GOAL OF THE EXERCISE
Using the data that follows, give again word for word the lines between the one holding "Planters 盐焗大罐混合坚果组合 券后90元包邮(专柜250元)】" and the one holding "レース手袋 グローブ レディース", inclusive. Omit the pictures.

TASK INPUT
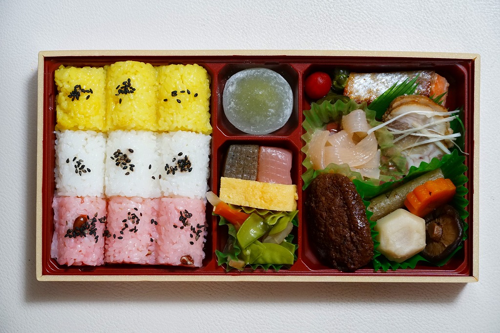 復刻なので、容器や中身は当時のものとそっくり。高崎観音を大きく描いた長い容器に、「勇気(白飯)、やる気(ウコン飯)、元気(赤飯)の3色ご飯」、榛名豚チャーシュー白髪ねぎ添え、群馬県産舞茸入り肉団子、上州の清流育ちシルクサーモン照焼き、パスタ風こんにゃく、レンコンきんぴらのきぬさや添え、煮物、厚焼き玉子と角こんにゃく煮、コンニャク抹茶もちを詰める。おしながきはふたに直接印刷し、おみくじの添付は以前と同じ。ちょっと毒々しい御飯の色が印象に残る、おかずたっぷり幕の内。
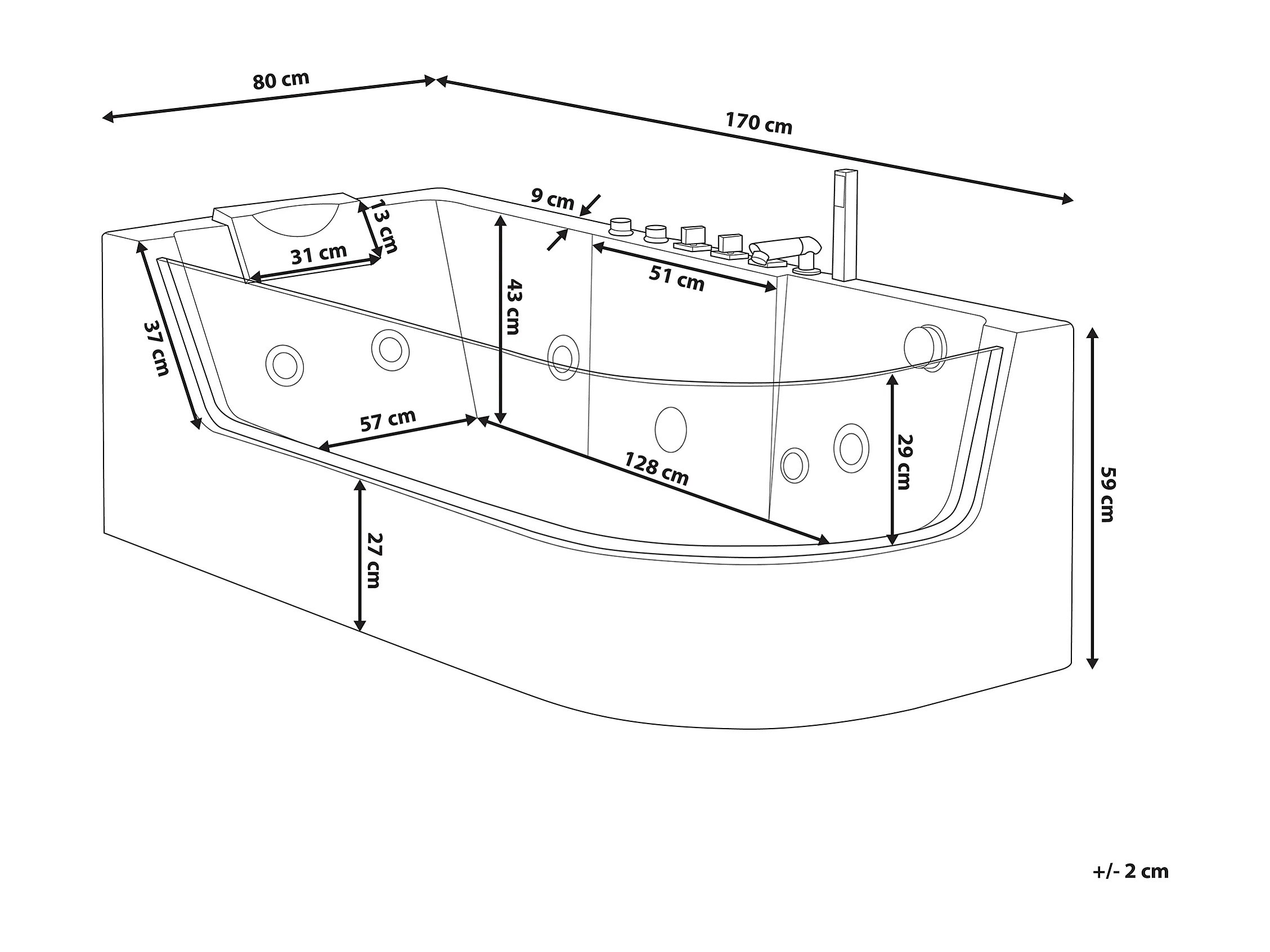 Vasca idromassaggio angolare con LED ACUARIO Lato destro 170 x 80 cm Bianco
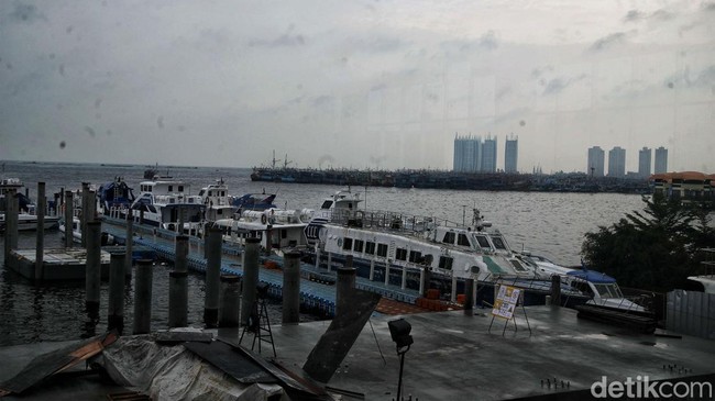 Jakarta - Cuaca buruh menerpa pesisir utara Jakarta, Senin (26/12/2022). Akibatknya, Pelabuhan Muara Angke pun sepi dari wisatawan yang akan menyeberang ke Pulau Seribu.
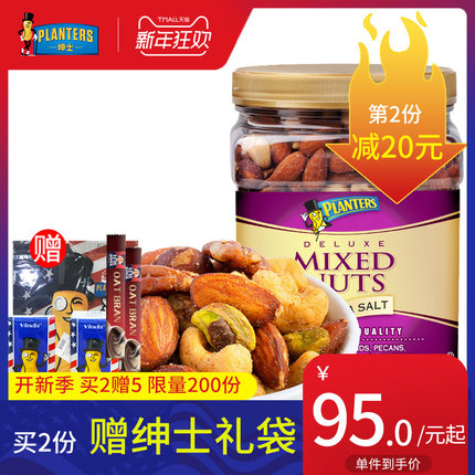 【5种进口坚果无花生:963g 美国 绅士 Planters 盐焗大罐混合坚果组合 券后90元包邮(专柜250元)】
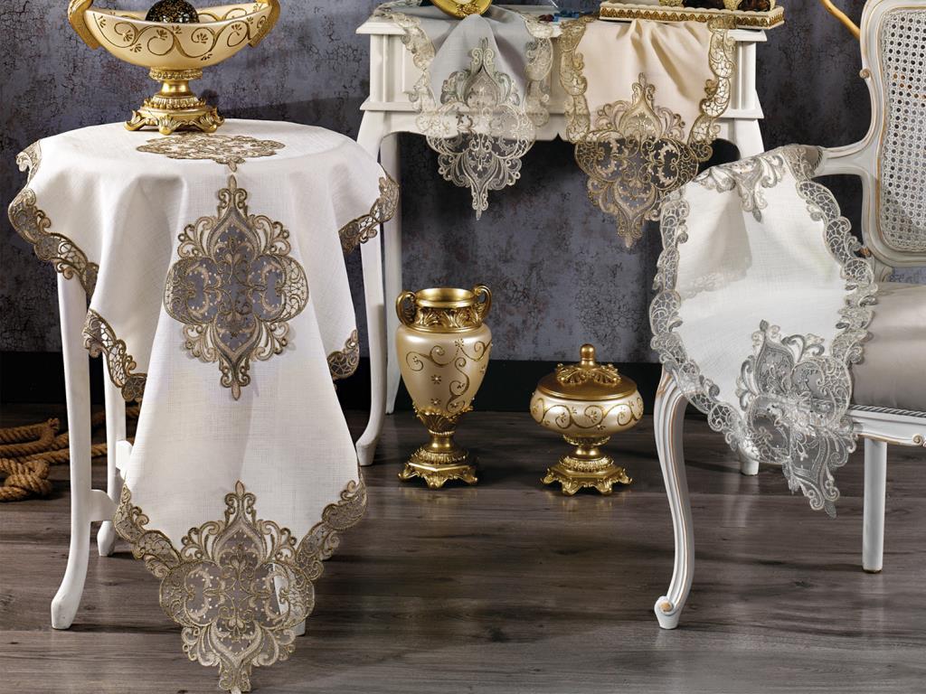 Tual Salon Takımı, Fransız güpür dantel detaylara sahip olan özel tasarım ürünüdür. Keten kumaştan üretilmiştir.
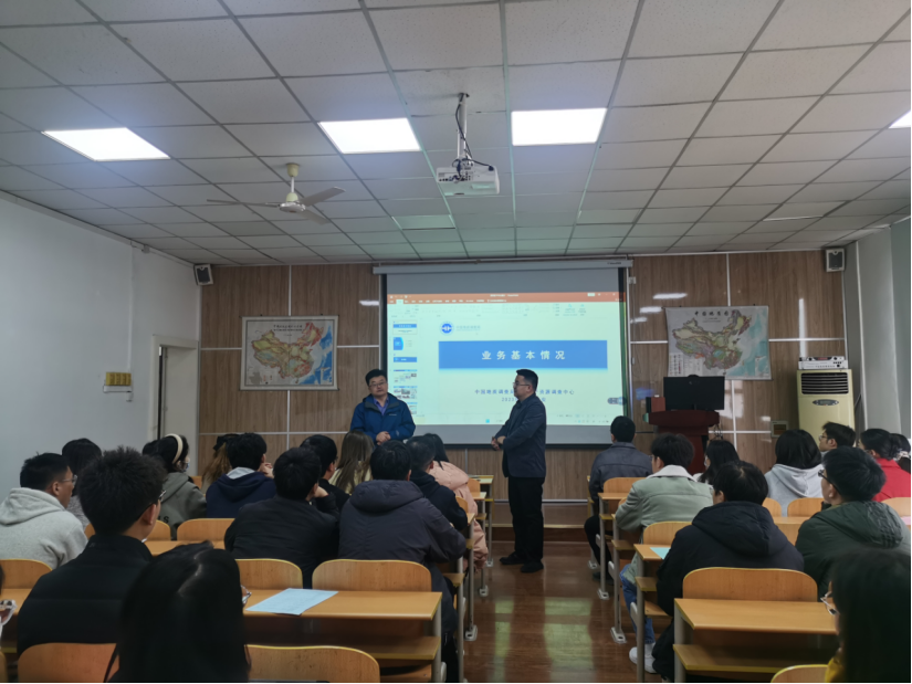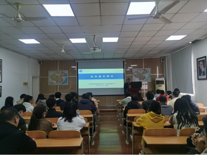 宣讲会伊始,西安矿产资源调查中心人事部乔莉主任向在场员工放映单位宣传片。向同学们展示了调查中心的概况、发展历程、行业优势等。并在宣传片播放完毕后给在场员工发送了招聘简章以及岗位招聘详细情况的宣传单。鼓励在场员工到西安矿产中心进行实习,并期待大家加入他们的大家庭。
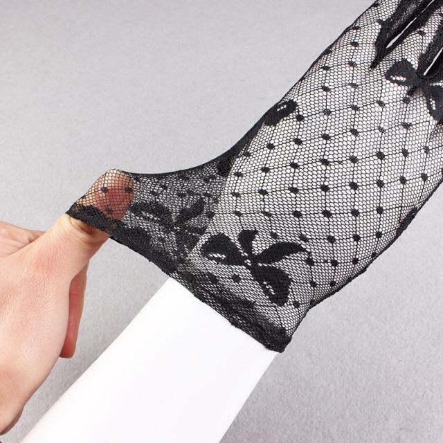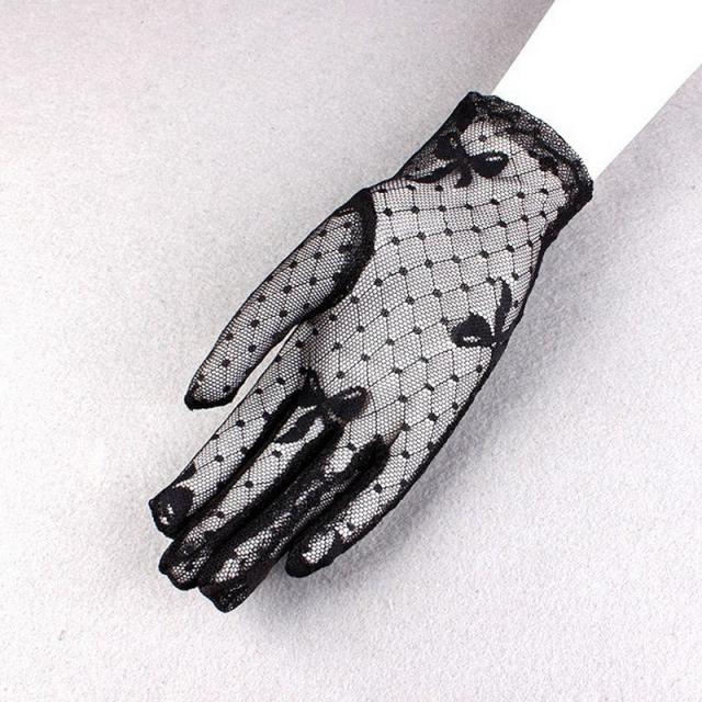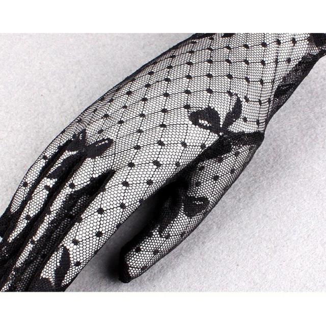 レース手袋 グローブ レディース 婦人用 総レース リボン柄 ひし形 運転 ステージ衣装 発表会 ダンス パーティー ブライダル コスプレ 着物 おし
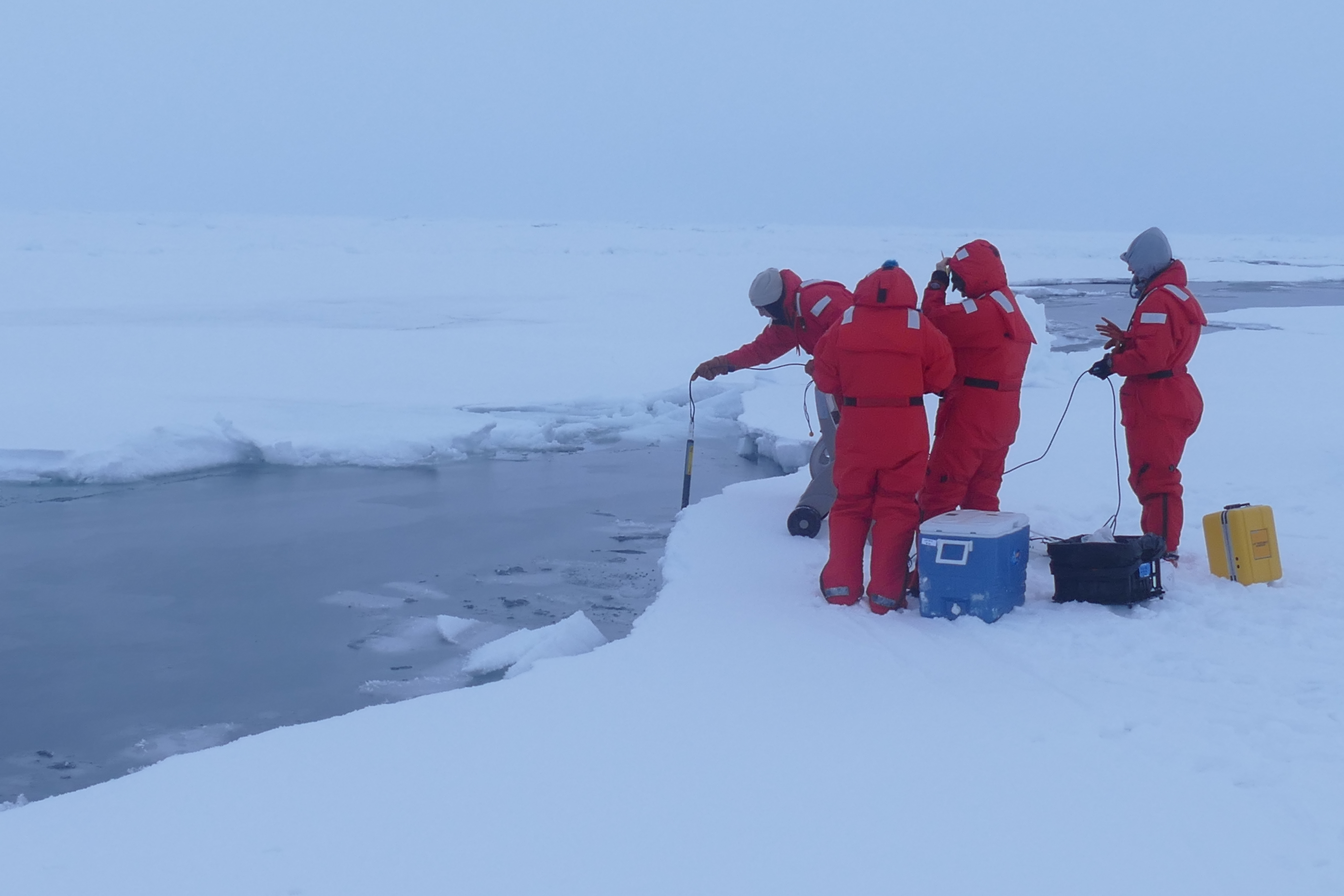 Chris Measures, Mariko Hatta, Johna Winters, and Andrew Barna deploy a portable CTD (conductivity, temperature, and depth instrument) at the ice edge to profile the upper water column prior to sampling. Aboard the USCGC Healy at the Alpha Ridge in the Arctic Ocean. 85.14°, -149.87°.

TASK RESPONSE
 【5种进口坚果无花生:963g 美国 绅士 Planters 盐焗大罐混合坚果组合 券后90元包邮(专柜250元)】
 Tual Salon Takımı, Fransız güpür dantel detaylara sahip olan özel tasarım ürünüdür. Keten kumaştan üretilmiştir.
 宣讲会伊始,西安矿产资源调查中心人事部乔莉主任向在场员工放映单位宣传片。向同学们展示了调查中心的概况、发展历程、行业优势等。并在宣传片播放完毕后给在场员工发送了招聘简章以及岗位招聘详细情况的宣传单。鼓励在场员工到西安矿产中心进行实习,并期待大家加入他们的大家庭。
 レース手袋 グローブ レディース 婦人用 総レース リボン柄 ひし形 運転 ステージ衣装 発表会 ダンス パーティー ブライダル コスプレ 着物 おし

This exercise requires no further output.